Following this first validation step with unique GH overexpressed in bacteria, we studied the hybridization behavior of a series of metagenomic clones obtained from different metagenomic libraries. Metagenomic clones were selected for their enzymatic activity and can express up to 9 identified GHs. The CAZyChip allowed for the identification of genes responsible for the activity detected in each metagenomic clone. The multi-genic hybridization step allowed us to validate probes to identify 69 GHs. As an example, His28, which showed arabinofuranosidase activity, encodes two GH51 typical arabinofuranosidases, F but only one was expressed. 96 % of tested GHs had at least one validated probe.
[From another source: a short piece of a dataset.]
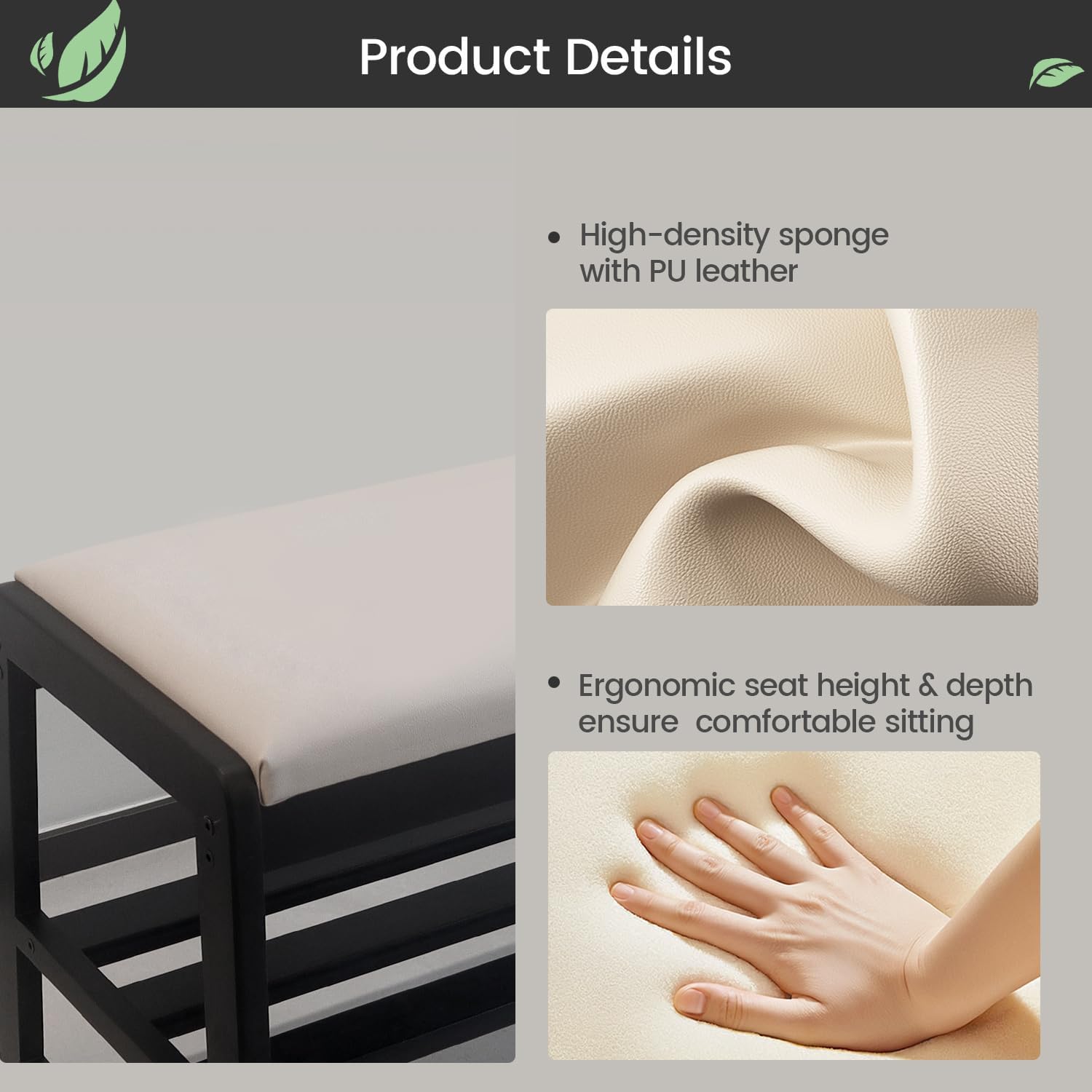 - 【Comfortable Soft Cushion】 The padded seat (4cm / 1.57" thick) provides extra comfort while putting on or taking off shoes, making it both functional and cozy for daily use.

Previous studies have demonstrated that the use of multiple probes per target sequence is not essential for in situ synthesized 60mer oligonucleotides in bacterial Agilent’s arrays . Our results demonstrate the robustness of the CAZyChip for GHs detection at transcriptomic level with experimental reproducibility.
Among naturally-occurring biomass-degrading systems, cow rumen represents a natural bioreactor. It is colonized by large communities of symbiotic microorganisms that produce an impressive arsenal of biomass-degrading enzymes, usually including cellulases and hemicellulases. With the CAZyChip, GH expression profiles at two different time points (day 3 and day 5) characterized by an exponential burst of enzyme activities were analyzed. At day 5, we identified overexpression of the GH families associated with cellulase (GH5, GH6, GH8, GH9 and GH48), xylanase (GH8, GH10), and exoglucanase (GH1, GH3) activities, which is in agreement with previous results . The most common activities of GH3 include glucosidases, arabinofuranosidases, xylosidases and glucosaminidases and GH43 shows xylosidase, arabinofuranosidase, arabinanase, xylanase and galactosidase activities. Thus, these two families are implicated in degradation of arabinoxylan, the most abundant hemicellulose component in wheat straw  which explains the great number of genes overexpressed at day 5 in these GH families. An over representation of members of family GH13 and GH23 was seen, as they are implicated in common bacterial physiological processes and known to possess one of the broadest distributions among the gut microbiota [8, 17, 18]. It is the first time that such a generic tool is developed for GH detection from complex microbial ecosystems, although a custom microarray has been previously developed by El Kaoutari et al., to explore partial CAZome of specific human microbiota [17, 18]. This microarray contained probes targeting approximately 7000 genes encoding glycoside hydrolases and selected from 174 reference genomes from specific bacteria present in the human feces.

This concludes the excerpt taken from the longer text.